You have to come to the target champs in the soo to get a pie

And we're having a Pig Roast on saturday night, so reserve your spot at the table soon!!


----------



## H.M. Murdock (Nov 13, 2005)

Sean McKenty said:


> You have to come to the target champs in the soo to get a pie
> 
> And we're having a Pig Roast on saturday night, so reserve your spot at the table soon!!

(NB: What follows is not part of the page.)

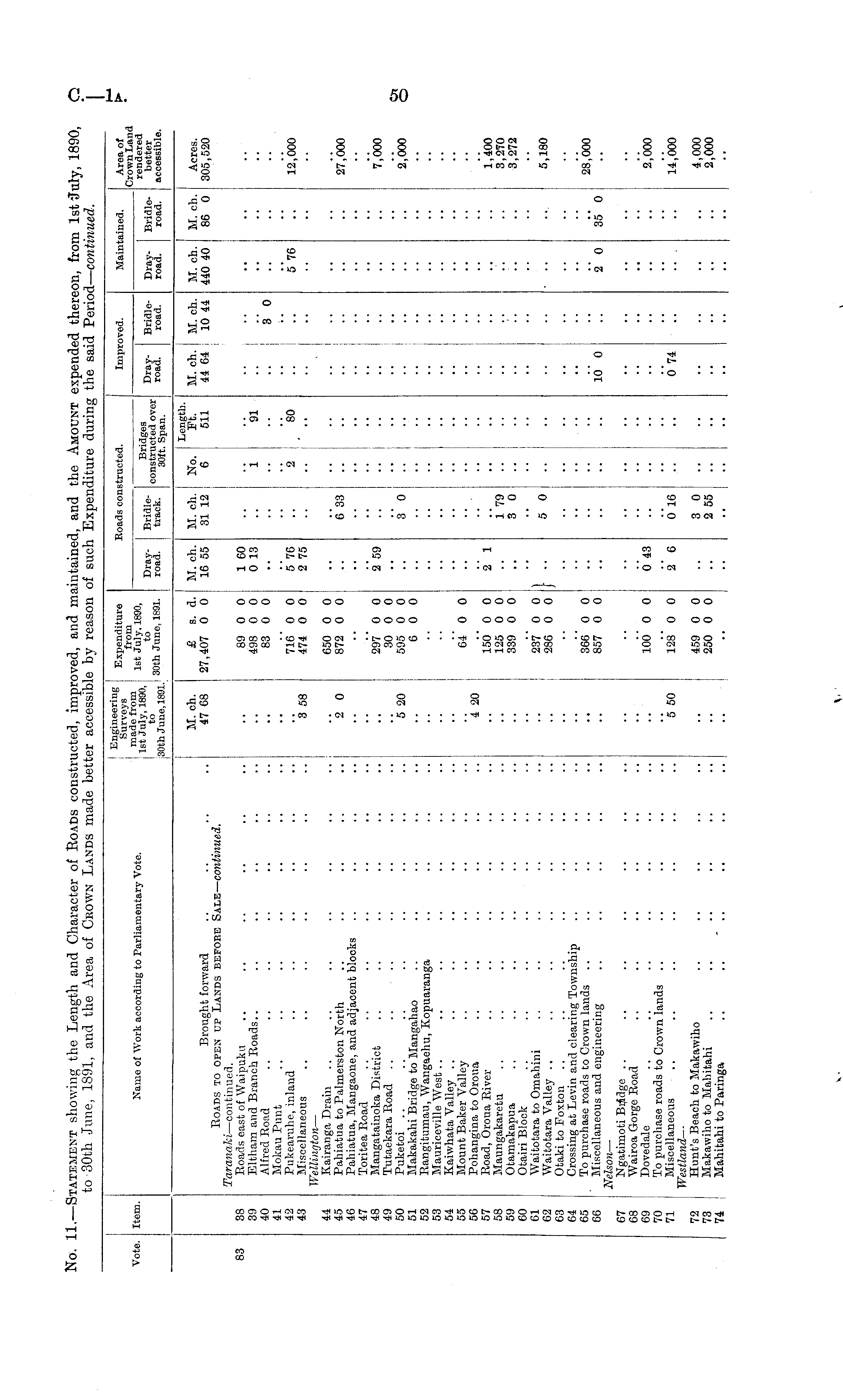 No. 11.—Statement showing the Length and Character of Roads constructed, improved, and maintained, and the Amount expended thereon, from 1st July, 1890, to 30th June, 1891, and the Area of Crown Lands made better accessible by reason of such Expenditure during the said Period— continued.

I will take a seat at the pig roast next to the pie table


----------



## DsrtRat (Mar 8, 2004)

There's a shock!


----------



## ZarkSniper (Aug 12, 2003)

Put me down for a seat Sean...:darkbeer:


----------



## CaptainT (Aug 14, 2005)

I'll be there to eat pig. I might shoot some arrows too.


----------



## FiFi (Dec 4, 2002)

Interesting how everyone replies when you say Pig Roast, but when you ask for pre-registration for the shoot, you get nothing. Is this what I have to do to get you guys to show up, mention food? Oh, silly me, look who I'm talking about, of course I should have mentioned food sooner. Wait a minute I think I did, in another thread of course.

Send in your registrations, and BOOK YOUR ROOM NOW if you are going to be staying overnight, Wallaceburg has a big Boat & Car show on the same weekend (we don't want to be packing 5 people in a room ukey :mg:


----------



## I BOW 2 (May 22, 2002)

See the other thread!!! Ken


----------



## Grey Eagle (May 23, 2002)

FiFi said:


> Interesting how everyone replies when you say Pig Roast, but when you ask for pre-registration for the shoot, you get nothing. Is this what I have to do to get you guys to show up, mention food? Oh, silly me, look who I'm talking about, of course I should have mentioned food sooner. Wait a minute I think I did, in another thread of course.
> 
> Send in your registrations, and BOOK YOUR ROOM NOW if you are going to be staying overnight, Wallaceburg has a big Boat & Car show on the same weekend (we don't want to be packing 5 people in a room ukey :mg:


I'm in for the piggy roast, and along with Adam I may endevour to shoot a few arrows...... assuming I do find my bow before that weekend :noidea:

I'll send in my registration, and coin, for the shoot and dinner this coming week.

And yes I do know what happens next, if you have to hunt folks down, didn't Sean start out adult life at 6'3" :becky:


----------



## #1 Hogger (Aug 17, 2005)

Grey Eagle said:


> I'm in for the piggy roast, and along with Adam I may endevour to shoot a few arrows...... assuming I do find my bow before that weekend :noidea:
> 
> I'll send in my registration, and coin, for the shoot and dinner this coming week.
> 
> And yes I do know what happens next, if you have to hunt folks down, didn't Sean start out adult life at 6'3" :becky:


No he started a little shorter it was the kicks that got him to sprout:teeth:


----------